Every AI-for-security sales deck has an ROI slide. Every ROI slide claims payback within the first year. Actual customer outcomes vary by an order of magnitude, and the variance correlates with architectural choices more than deal terms. Griffin AI and Mythos-class general-purpose AI-for-security tools have measurably different ROI shapes — not because one vendor is "better" in the abstract, but because the architectural differences produce different time-to-value curves.
What ROI actually means for security tooling
Three components, all of which count:
- Direct cost savings. Fewer engineer hours spent on low-value triage, fewer incidents that reach production, fewer audit-prep project weeks.
- Avoided incidents. Vulnerabilities caught before exploitation. Compliance findings resolved before audit escalation.
- Opportunity cost. Engineering hours freed for other work.
A credible ROI number includes all three. Sales-deck ROI usually focuses on category 2 and inflates category 1.
Where Griffin AI's architecture delivers faster ROI
Three structural reasons:
Reachability-filtered findings reduce low-value triage immediately. A team that was reviewing 1,000 findings per quarter can review 150 reachability-filtered findings per quarter — with a higher actionable ratio. The engineer-hour saving shows up in the first triage cycle.
Auto-PR pass rate is high enough to shift workflow. 73-87% of auto-PRs merge unchanged or with minor edits. The team shifts from "write the fix" to "review the fix," which is materially faster per finding.
SBOM-and-compliance evidence generation eliminates audit prep. Customers report audit prep compression from months to weeks once the platform is operational.
These add up to ROI that customers can see in the first quarter. Year-one payback is typical, not aspirational.
Where Mythos-class ROI stretches
Three structural reasons for slower realisation:
Higher false positive rates mean longer triage cycles. Every finding takes longer to evaluate because the model output needs verification. Engineer-hour savings arrive later.
Integration engineering absorbs early-year savings. Building parsers for unstable LLM outputs, setting up SIEM/ticketing integration, handling model drift — these eat the first two quarters.
Auto-remediation quality is lower. When a smaller percentage of auto-PRs merge cleanly, the remediation-hour savings are smaller.
Year-one payback is possible but requires the deployment to go smoothly. Year-two payback is typical.
A concrete customer scenario
A 200-engineer company running Safeguard for four quarters reports:
- Q1: deployment + integration. Net cost.
- Q2: triage-hour savings reach ~30% of prior quarterly effort. Net savings.
- Q3: auto-PR workflow operational. Remediation-hour savings land.
- Q4: audit prep consumed 2 weeks instead of the prior year's 12.

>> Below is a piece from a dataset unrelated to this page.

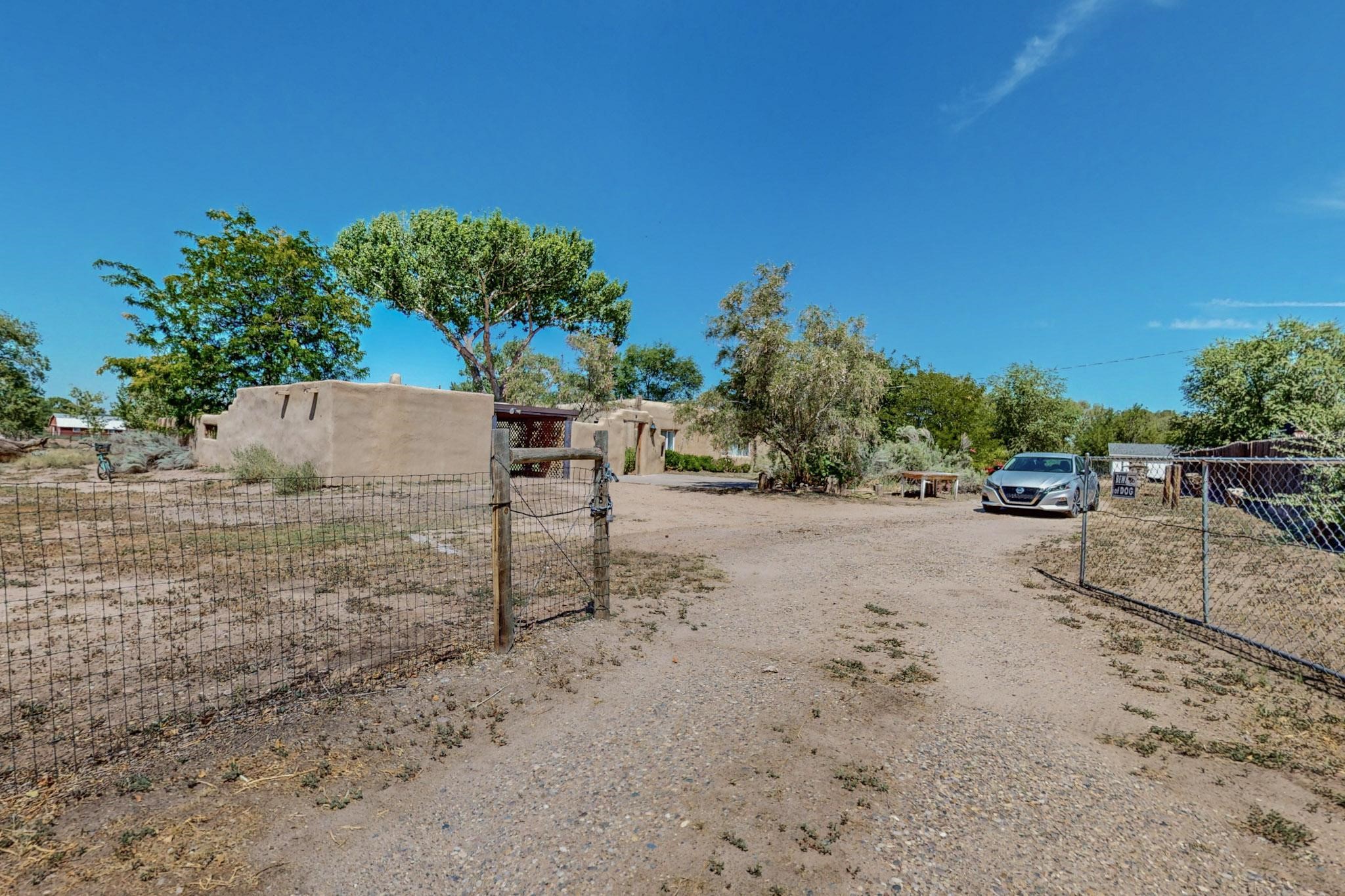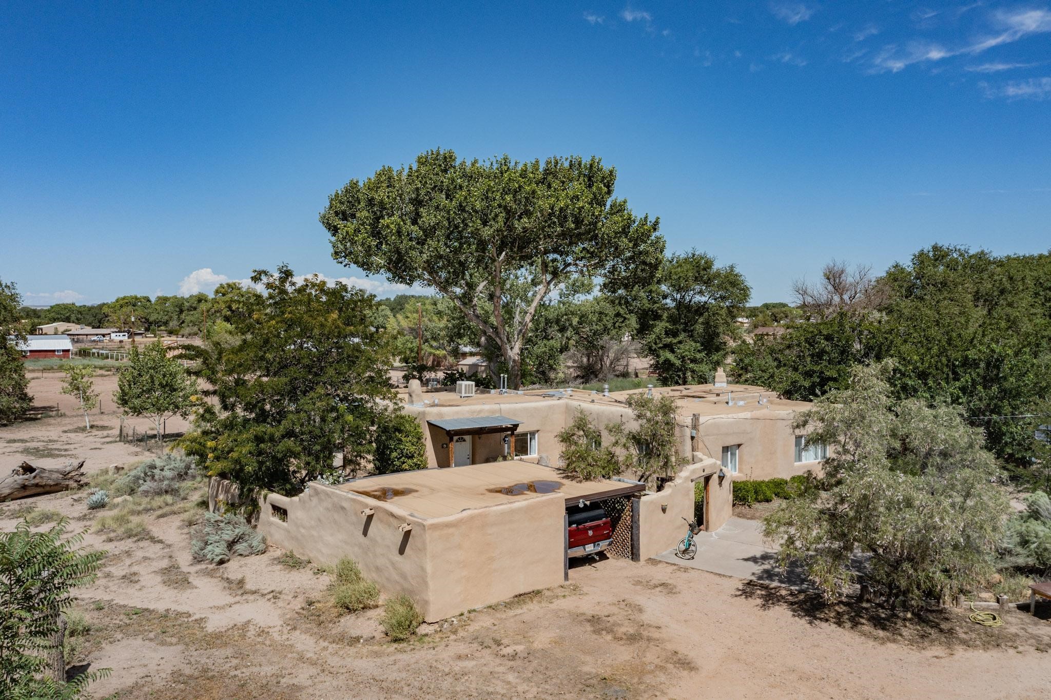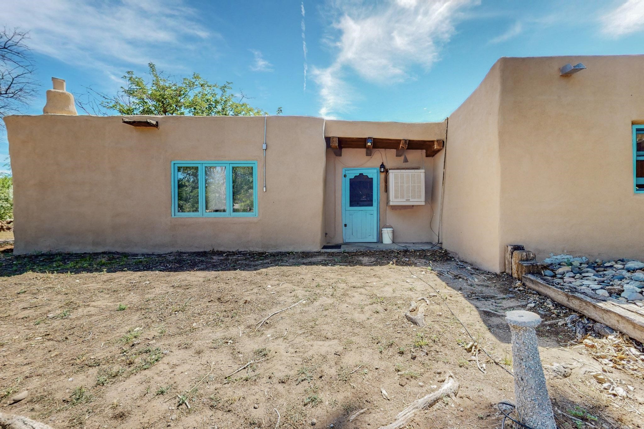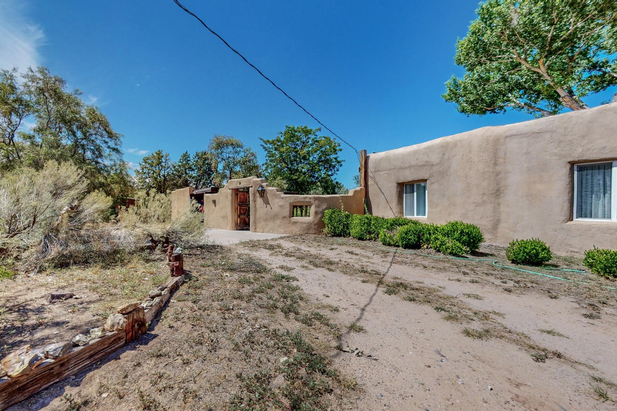 See this well-maintained 200-year-old Santa Fe-style adobe home! This historic gem comes with a new septic tank, a clean well inspection, and a one-year home warranty for added peace of mind. The home features 3-foot thick adobe walls that naturally regulate temperature, offering comfort in every season. Additions were made in the 1950s and 1990s. With its rustic charm and rich history, this property is a rare find. The expansive outdoor space includes a full workshop, carport, horse barn, & multiple private patio areas, perfect for serene mornings and starlit evenings. Most of the house is wheelchair accessible. With 2 separate .75-acre lots totaling 1.5 acres, there's potential to build on the second lot & room to accommodate animals. Don't miss your chance to own a piece of NM History.

Cumulative four-quarter engineer-hour savings: ~1,200 hours. License cost: recovered in Q3. Net ROI positive by end of year one.
A comparable Mythos-class scenario more commonly shows:
- Q1-Q2: deployment + integration + prompt tuning. Net cost.
- Q3: triage savings begin.
- Q4: auto-remediation workflow being evaluated.
Cumulative four-quarter savings: ~400 hours. License cost: not yet recovered. Net ROI positive in the second year.
Same team, same spend scale, different architecture, different timelines.
What to evaluate
Three concrete asks during procurement:
- Ask for customer-reported hour-savings numbers from existing deployments. Not "increased productivity" — actual hour counts.
- Ask for the percentage of auto-PRs that merge unchanged in existing customer deployments.
- Ask for audit-prep compression numbers from existing customers.
The answers produce a ROI projection that is defensible in your own finance team review.
How Safeguard Helps
Safeguard's architecture produces measurable ROI in the first year: reachability-filtered triage, auto-PR merge rates above 70%, and audit-prep compression from months to weeks. The customer-reported hour-savings numbers support ROI projections that hold up to finance-team scrutiny. For organisations whose previous AI-for-security investments have produced slower payback than projected, the architecture choice is the lever that shifts the curve.